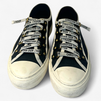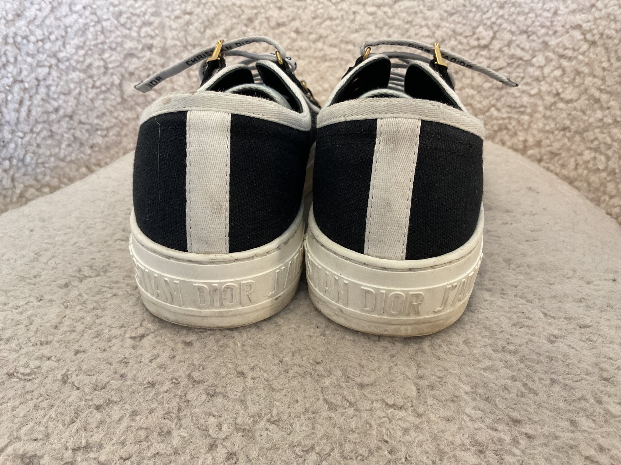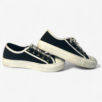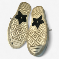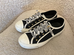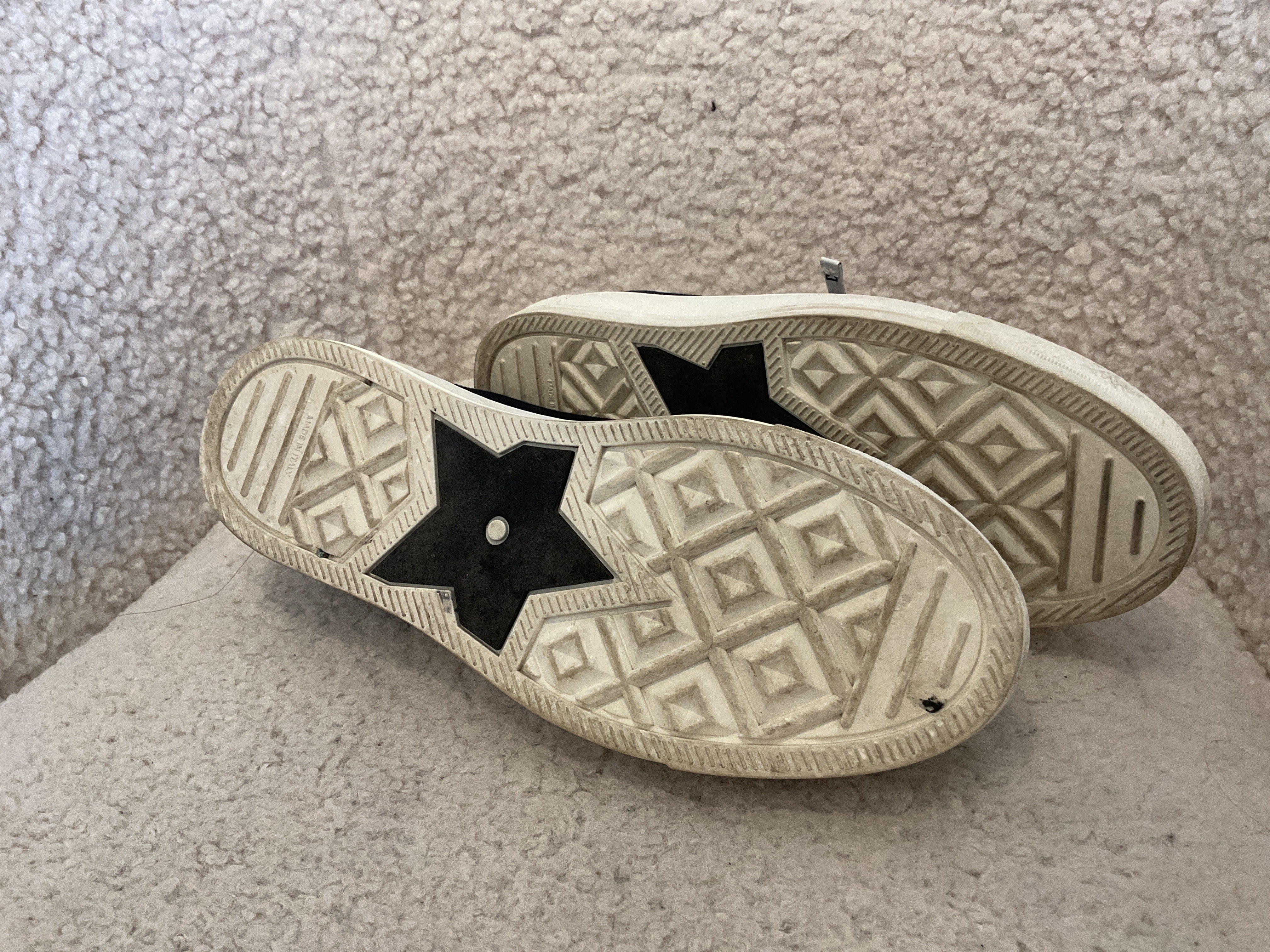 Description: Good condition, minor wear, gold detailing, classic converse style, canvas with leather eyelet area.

__________

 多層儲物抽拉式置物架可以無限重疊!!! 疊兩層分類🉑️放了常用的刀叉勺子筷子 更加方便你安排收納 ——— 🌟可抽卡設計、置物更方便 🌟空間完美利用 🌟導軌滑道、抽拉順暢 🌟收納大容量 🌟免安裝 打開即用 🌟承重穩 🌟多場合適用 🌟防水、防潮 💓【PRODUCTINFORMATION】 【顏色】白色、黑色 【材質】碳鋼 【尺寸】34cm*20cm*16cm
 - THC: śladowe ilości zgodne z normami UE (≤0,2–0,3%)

__________

• **What to produce**
Return only the lines between the one holding "多層儲物抽拉式置物架可以無限重疊!!! 疊兩層分類🉑️放了常用的刀叉勺子筷子 更加方便你安排收納" and the one holding "- THC: śladowe", inclusive, exactly as they appear above.

• **Task response**
 多層儲物抽拉式置物架可以無限重疊!!! 疊兩層分類🉑️放了常用的刀叉勺子筷子 更加方便你安排收納 ——— 🌟可抽卡設計、置物更方便 🌟空間完美利用 🌟導軌滑道、抽拉順暢 🌟收納大容量 🌟免安裝 打開即用 🌟承重穩 🌟多場合適用 🌟防水、防潮 💓【PRODUCTINFORMATION】 【顏色】白色、黑色 【材質】碳鋼 【尺寸】34cm*20cm*16cm
 - THC: śladowe ilości zgodne z normami UE (≤0,2–0,3%)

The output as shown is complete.